Han Shoudong, Wang Hongwei, Yu En, Hu Zhuo
National Key Laboratory of Science and Technology on Multispectral Information Processing, School of Artificial Intelligence and Automation, Huazhong University of Science and Technology, Wuhan 430074, China.
School of Automation, Wuhan University of Technology, Wuhan 430070, China.
Fundam Res. 2023 Feb 24;5(3):1214-1220. doi: 10.1016/j.fmre.2023.02.003. eCollection 2025 May.

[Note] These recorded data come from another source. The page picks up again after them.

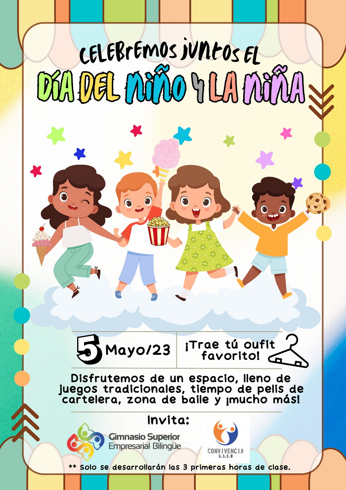 La alegría y la diversión estará presente una vez más este próximo 5 de mayo para celebrar el día del niño y de la niña con nuestros estudiantes de primera infancia y primera División. Los estudiantes asisten en el horario habitual para el ingreso, continúan con sus clases hasta la tercera hora y después del primer descanso, iniciaremos las actividades que tenemos preparadas para su celebración.
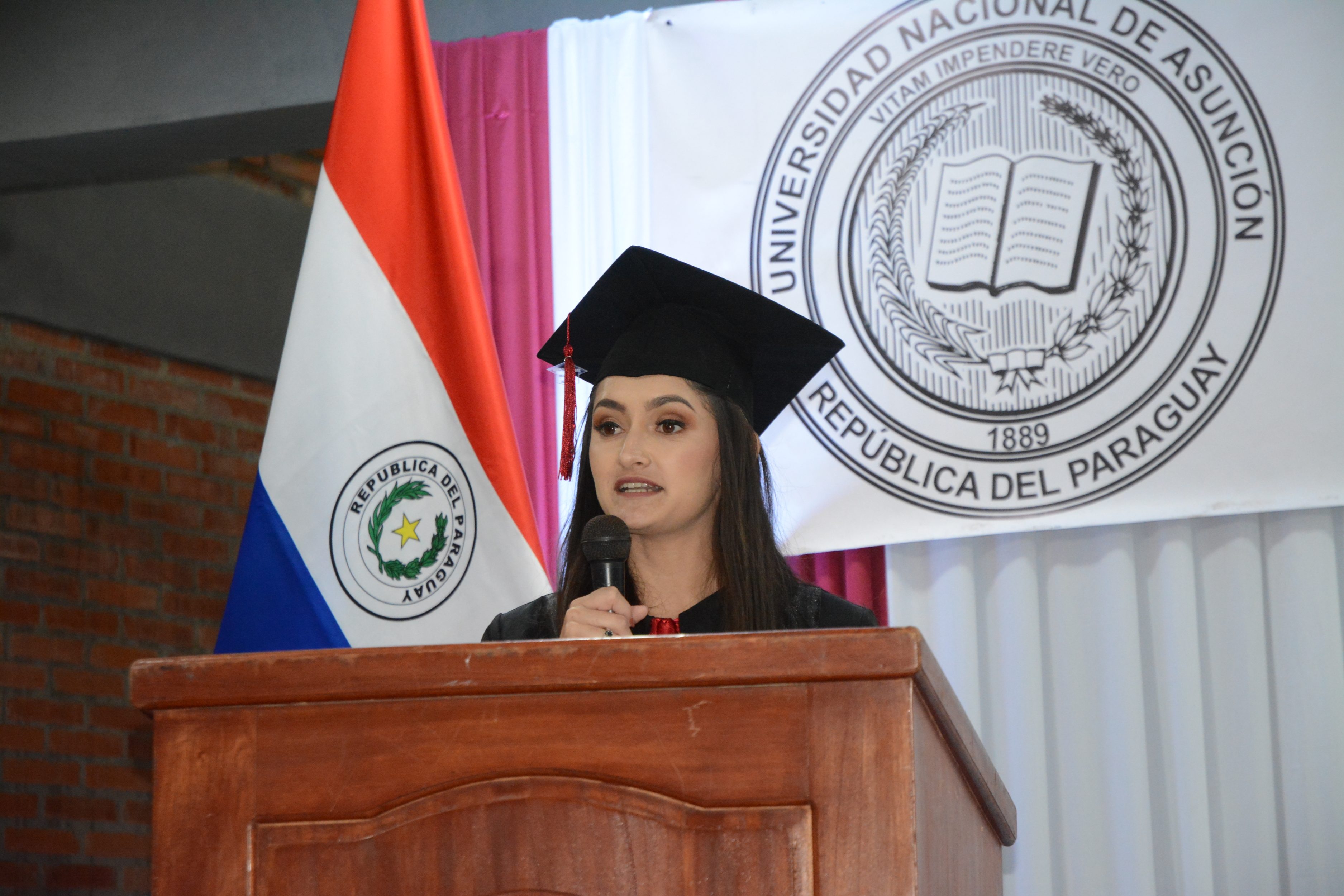 Cabe destacar que la Médica Veterinaria Serviliana Galeano Coronel, graduada distinguida, fue la encargada de dirigir un discurso en representación de sus colegas.
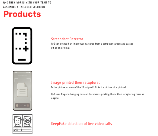 Quantum+Integrity:瑞士公司,提供一套基于 API 的 SaaS 服务,可以进行各种基于图像类的检测,能力包括视频会议实时 deepfake、截屏或图片“套娃”、虚假身份证件等。
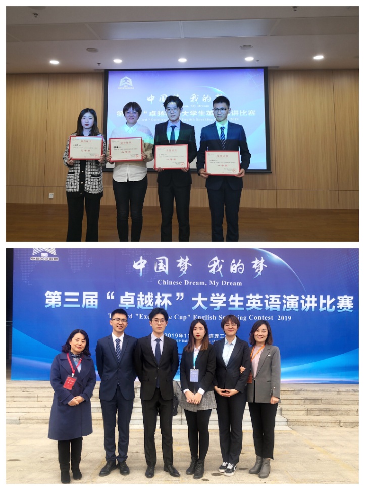 我校大学生英语创新实践基地负责人谭键老师与指导教师苏小青带队,我校四位选手陈城钰、陈柄旭、崔雁航、王瑀萌经由卜雅婷、屈江丽、王晓丹等基地老师的指导,在选手云集、竞争激烈的比赛中表现优异。最终,陈城钰和陈柄旭同学在决赛中凭借其机敏逻辑的思维及扎实流利的语言功底包揽大赛一等奖,崔雁航和王瑀萌同学分别获得三等奖。
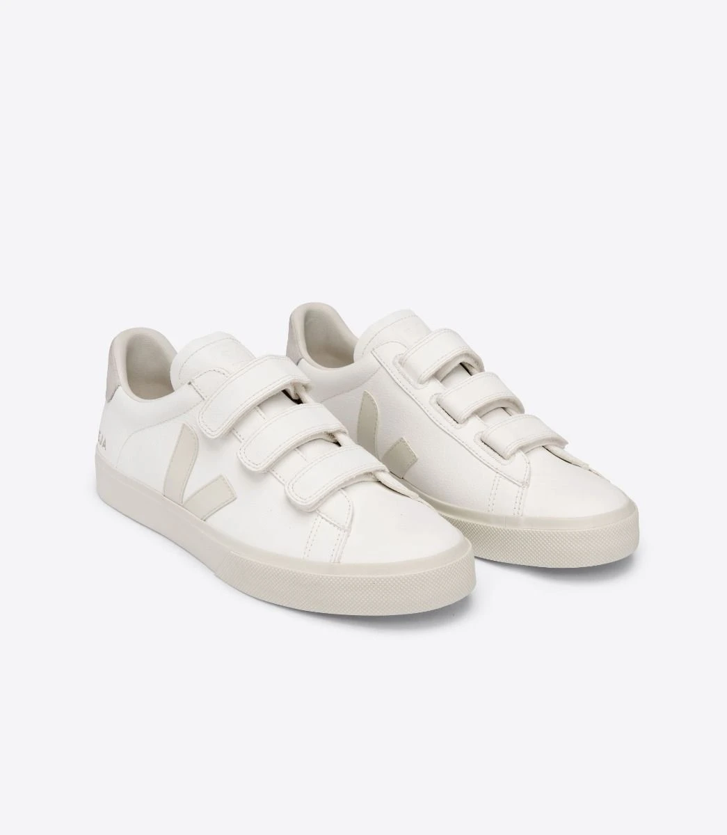 The Veja Recife Chromefree in Extra White Natural is the perfect on-the-go sneaker. Sustainably crafted so that every point of production has a positive impact. Designed with three velcro straps for easy wear and comfort. Pair yours with anything from jeans, tailored pants or dresses.
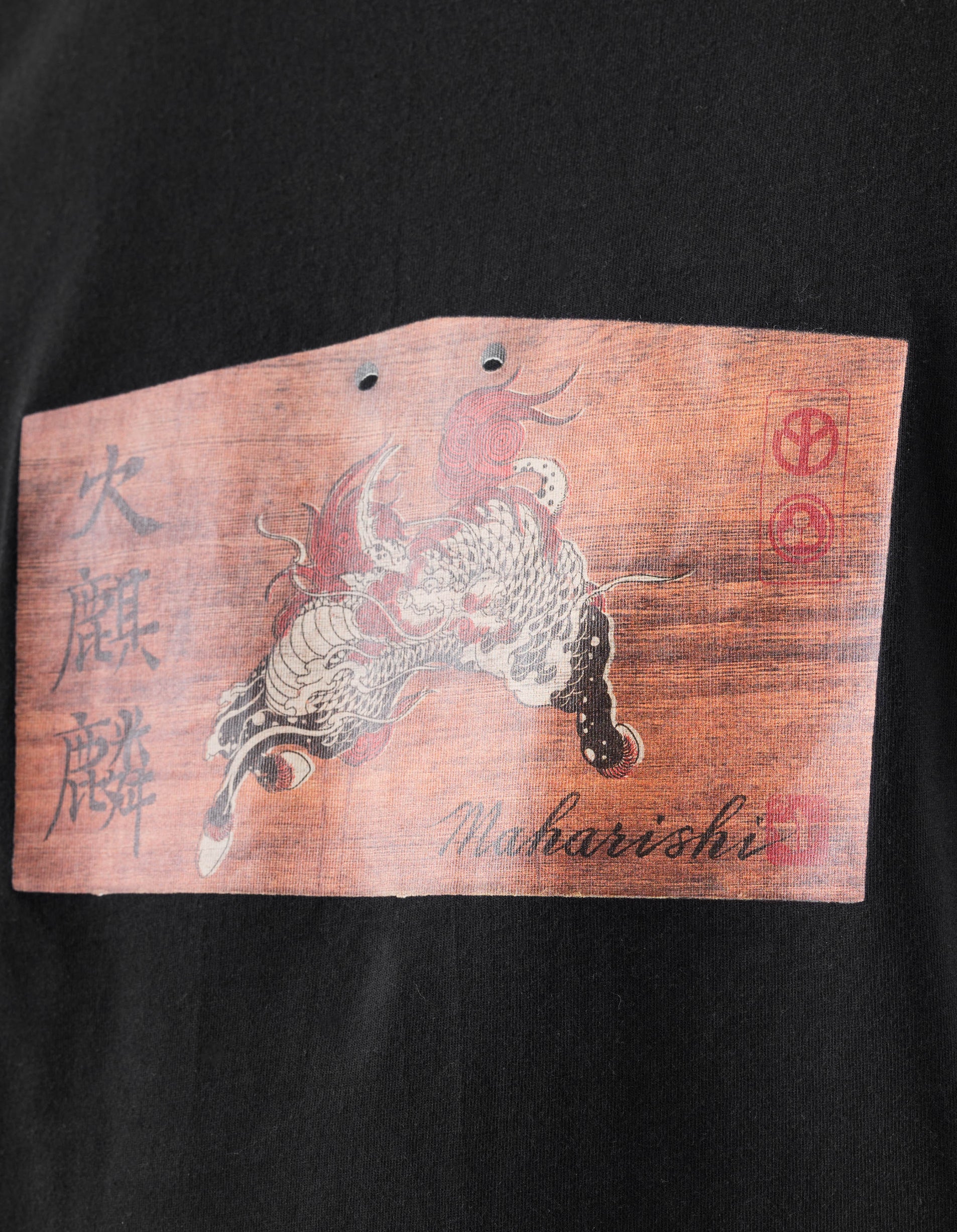 Short-sleeve cotton t-shirt in black, constructed from organic cotton jersey with a Kirin-themed print characterising a Japanese Horse Prayer Plaque. These plaques were used by Shinto and Buddhist worshippers to write prayers or wishes on.
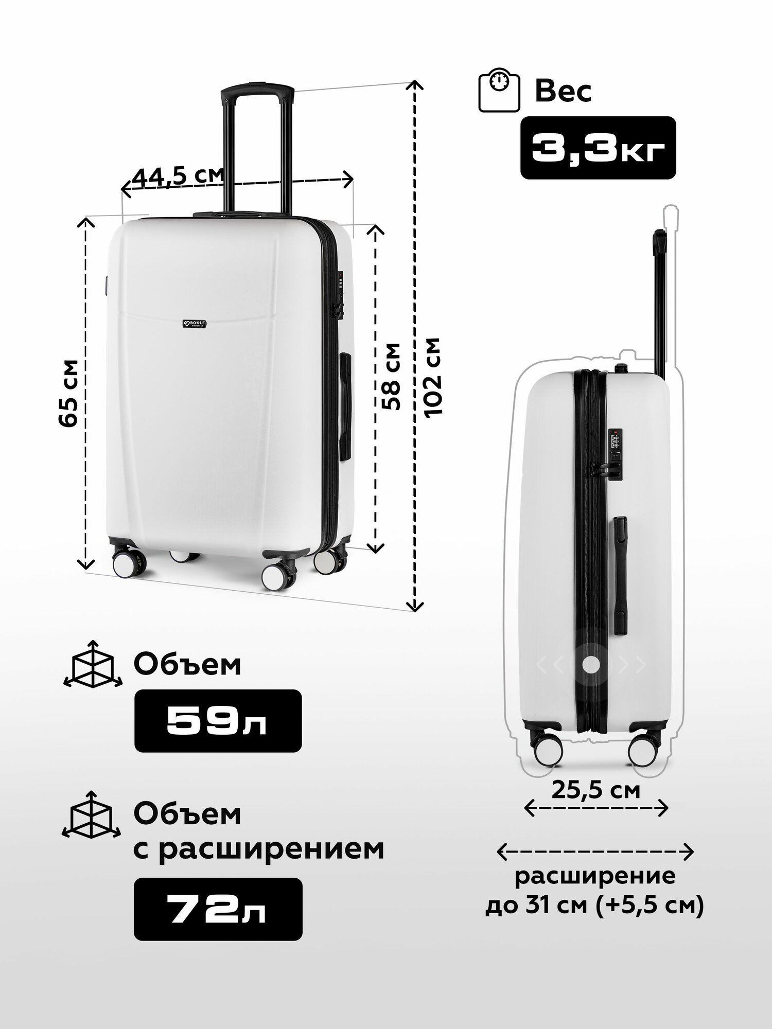 Чемодан на колесах L белый Bonle, премиум ABS-пластик 75,5 см, 101 л, большой дорожный 7 980 ₽
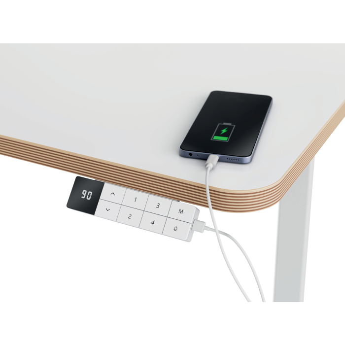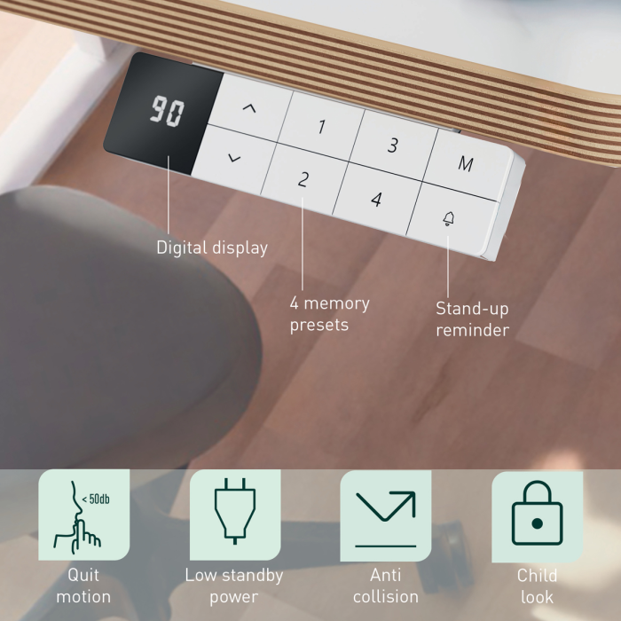 • Ovládací panel s detskou poistkou, nabíjacími portmi USB-C a USB-A, digitálnym displejom výšky, dôvtipnými pripomenutiami vstávania, ochranou proti prehriatiu a funkciou proti kolízii.
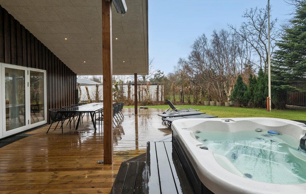 Nyd en afslappende ferie i et stilfuldt feriehus med spabad og udekøkken.

Although the joint-detection-and-tracking paradigm has promoted the development of multi-object tracking (MOT) significantly, the long-term occlusion problem is still unsolved. After a period of trajectory inactivation due to occlusion, it is difficult to achieve trajectory reconnection with appearance features because they are no longer reliable. Although using motion cues does not suffer from occlusion, the commonly used Kalman Filter is also ineffective in its long-term inertia prediction in cases of no observation updates or wrong updates. Besides, occlusion is prone to cause multiple track-detection pairs to have close similarity scores during the data association phase. The direct use of the Hungarian algorithm to give the global optimal solution may generate the identity switching problem. In this paper, we propose the Long-term Spatio-Temporal Prediction (LSTP) module and the Ordered Association (OA) module to alleviate the occlusion problem in terms of motion prediction and data association, respectively. The LSTP module estimates the states of all tracked objects over time using a combination of spatial and temporal Transformers. The spatial Transformer models crowd interaction and learns the influence of neighbors, while the temporal Transformer models the temporal continuity of historical trajectories. Besides, the LSTP module also predicts the visibilities of the motion prediction boxes, which denote the occlusion attributes of trajectories. Based on the occlusion attribute and active state, the association priority is defined in the OA module to associate trajectories in order, which helps to alleviate the identity switching problem. Comprehensive experiments on the MOT17 and MOT20 benchmarks indicate the superiority of the proposed MOT framework, namely Occlusion-Robust Tracker (ORT). Without using any appearance information, our ORT can achieve competitive performance beyond other state-of-the-art trackers in terms of trajectory accuracy and purity.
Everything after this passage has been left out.